Immunity of Physicians Employed by the State and it's Municipalities (University Hospitals)
The damages for the acts of Physicians employed with the State of Florida and its counties, municipalities, and other political subdivisions are limited to $100,000 per claimant and $200,000 per occurrence. Further, neither the state nor any of its political subdivisions is liable for punitive damages.

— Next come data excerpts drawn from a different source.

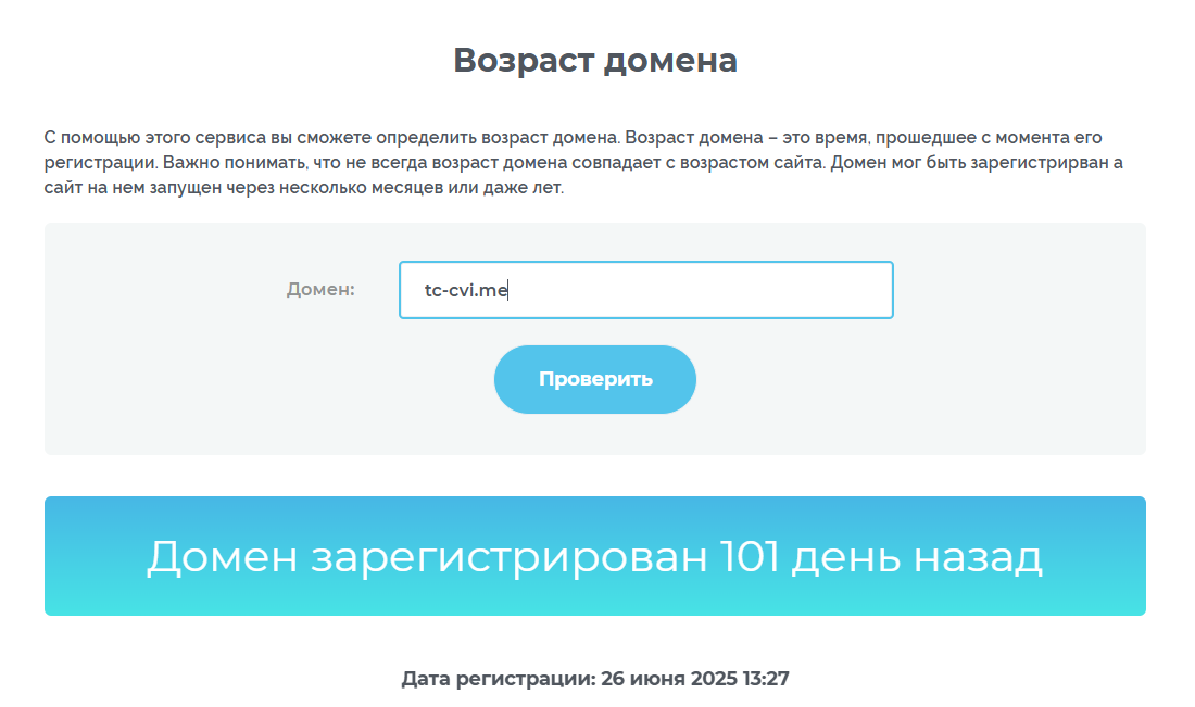 Анализ домена предложенной платформы показал, что появилась она совсем недавно: домен был зарегистрирован в июне 2025 года.
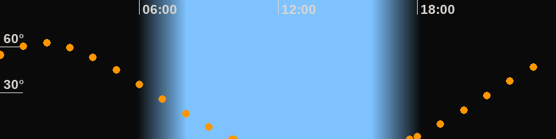 Höchster Stand (Kulmination)01:54 Uhr (h = 62.4°)
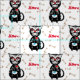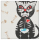 Cute Day of The Dead Sugar Skull Cat Meow Print Fabric
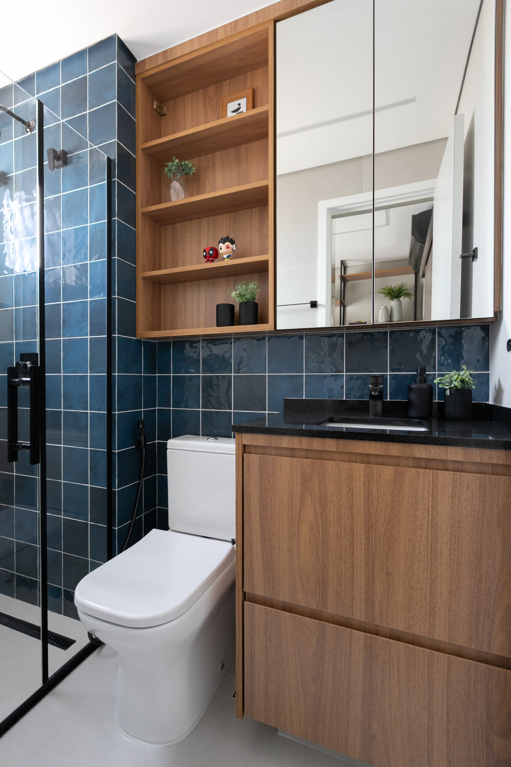 Parede Banho Suíte: Revestimento Gouache Bleu Marine – 15,5×15,5cm – Portobello

The option then is for the litigant pursuing a medical malpractice action to seek a petition to the state legislature for a "claim bill," under which the party petitions the government for a bill granting compensation in excess of the this statutory damage cap.
Arbitration
Some physicians and hospitals provide patients with a form requiring Arbitration for any medical malpractice claims, although the State of Florida does not mandate this alternative dispute forum. If a party refuses to accept a defendant's offer to arbitrate, the recovery allowable by law will be limited to economic damages (but only 80 percent of lost wages) plus no more than $350,000 in non-economic damages.
Expert Testimony
Every person seeking to file a lawsuit for medical negligence against a physician or hospital must include a verified written medical expert opinion corroborating that there are reasonable grounds to believe that each named defendant was negligent. Fla. Stat. § 766.203. A defendant who denies the existence of reasonable grounds for the claim must also provide a corroborating verified written medical expert opinion. As a potential party or plaintiff, you cannot proceed with you claim to the Courts without an expert opinion of the same or similar specialty.